- Reign: Never reigned; his brother Dlamini III was installed instead
- Predecessor: King Ludvonga I (father)
- Successor: King Dlamini III (brother)
- Died: between Lavumisa and Standerton
- Dynasty: Dlamini
- Father: King Ludvonga I
- Mother: Queen Lomakhetfwa
- Religion: African traditional religion

= Hlubi Dlamini =

18th century Swazi prince

Hlubi Dlamini was an 18th-century Swazi prince and son of King Ludvonga I and his wife Lomakhetfwa. According to oral traditions collected in the Swaziland Oral History Project, Hlubi was recognized as heir to Ludvonga I but never became king due to palace politics.

He was one of the four sons of Ludvonga I, along with Prince Loziyingile Dlamini, Prince Mamba Dlamini and King Dlamini III. Some oral traditions suggest ritual considerations, including Hlubi being left-handed - an attribute regarded as ritually inappropriate for kingship in Swazi custom, may have contributed to his exclusion.

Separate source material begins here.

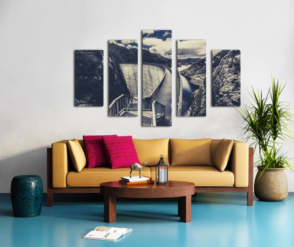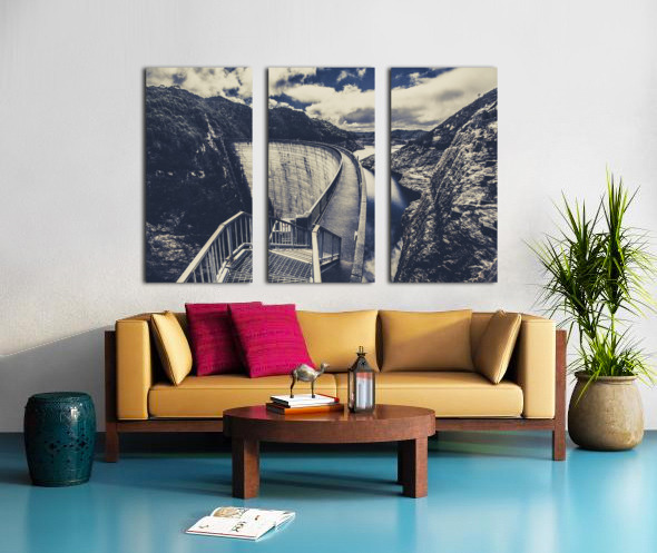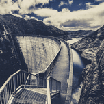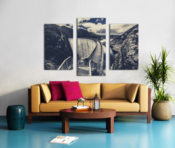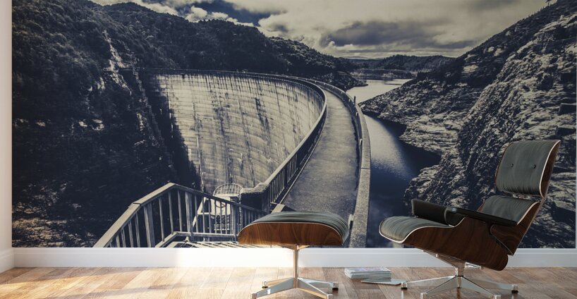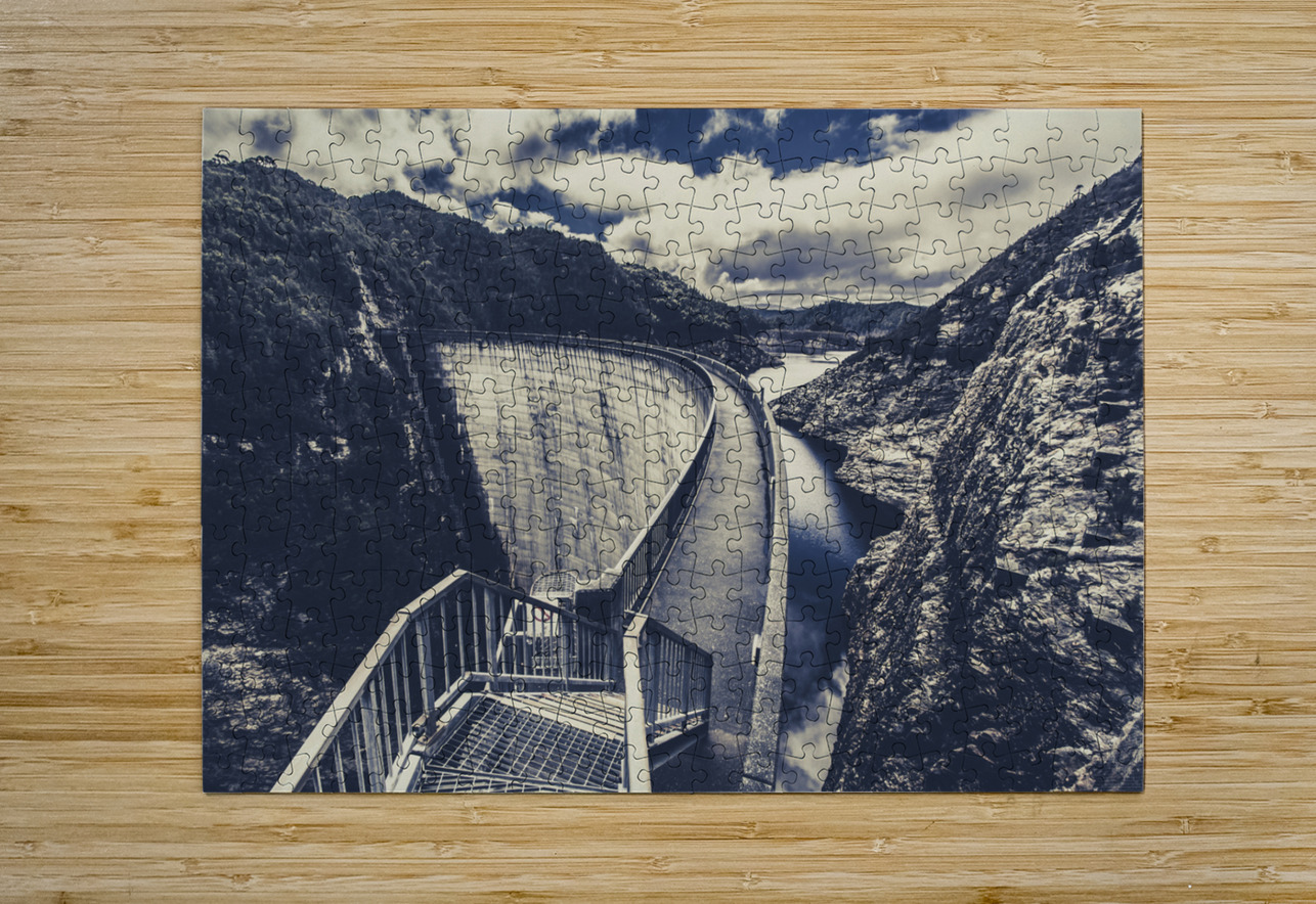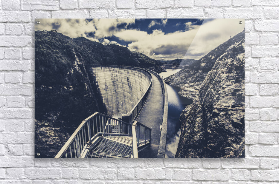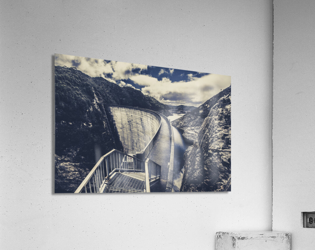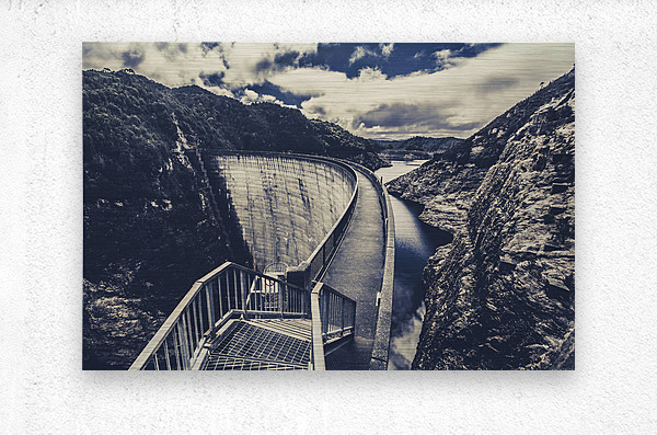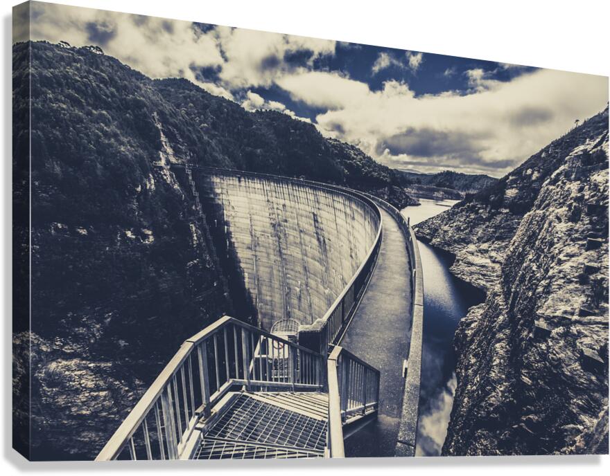 High dynamic range on a blue filtered landscape in hydroelectricity construction. Gordon Dam Southwest Tasmania Australia
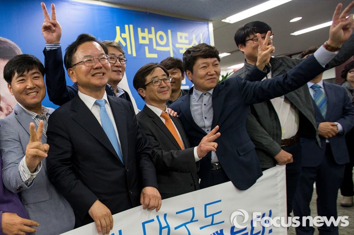 2위는 37.7%(4만1829표)를 기록한 새누리당 김문수 후보가 차지했다.제20대 국회의원선거 대구 수성구갑 선거구에서 당선이 확실시된 더불어민주당 김부겸 후보가 13일 오후 대구 수성구 선거사무소에서 지지자들과 '이제 대구도 사람보고 뽑는다'는 구호를 외치며 사진촬영을 하고 있다. 2016.04.14 강진형 기자

Although Hlubi did not ascend the throne, his legacy survives in praise names (tibongo) among the Dlamini branch.

==Migrations==
Oral histories state that Hlubi and his brother Prince Dlamini (later King Dlamini III) initially lived in the Lubombo Mountains on the frontier between Eswatini and the Tembe territory.

The Tembe were influential chiefs controlling ivory trade with Portuguese, British and Dutch merchants. Conflicts between Tembe royal factions forced Hlubi and his followers to leave the Lebombo Mountains (leaving King Dlamini III behind) and moved southwards toward Mkhuze. In the 1700s, Hlubi and his people moved south to Mkhuze, encountering the Ndwandwe Kingdom, another major power in the Southern African region. A fierce battle with Ndwandwe forces at the Mkhuze River reportedly turned the river red with blood, giving rise to his praise name, “Blood of men that made the Mkhuze turn red.”

After the bloodshed, the families moved westward to Magudu and Godlwako. In Godlwako, they found the Nkambule and Sukati communities, who peacefully submitted to Hlubi's arrival.

Continuing westward, Hlubi eventually settled near the Pongola River, in the caves of Godlwako, which offered fertile land and safety from enemies. They left the Pongola and finally settled eTibondzeni. Between Lavumisa and Standerton Hlubi died.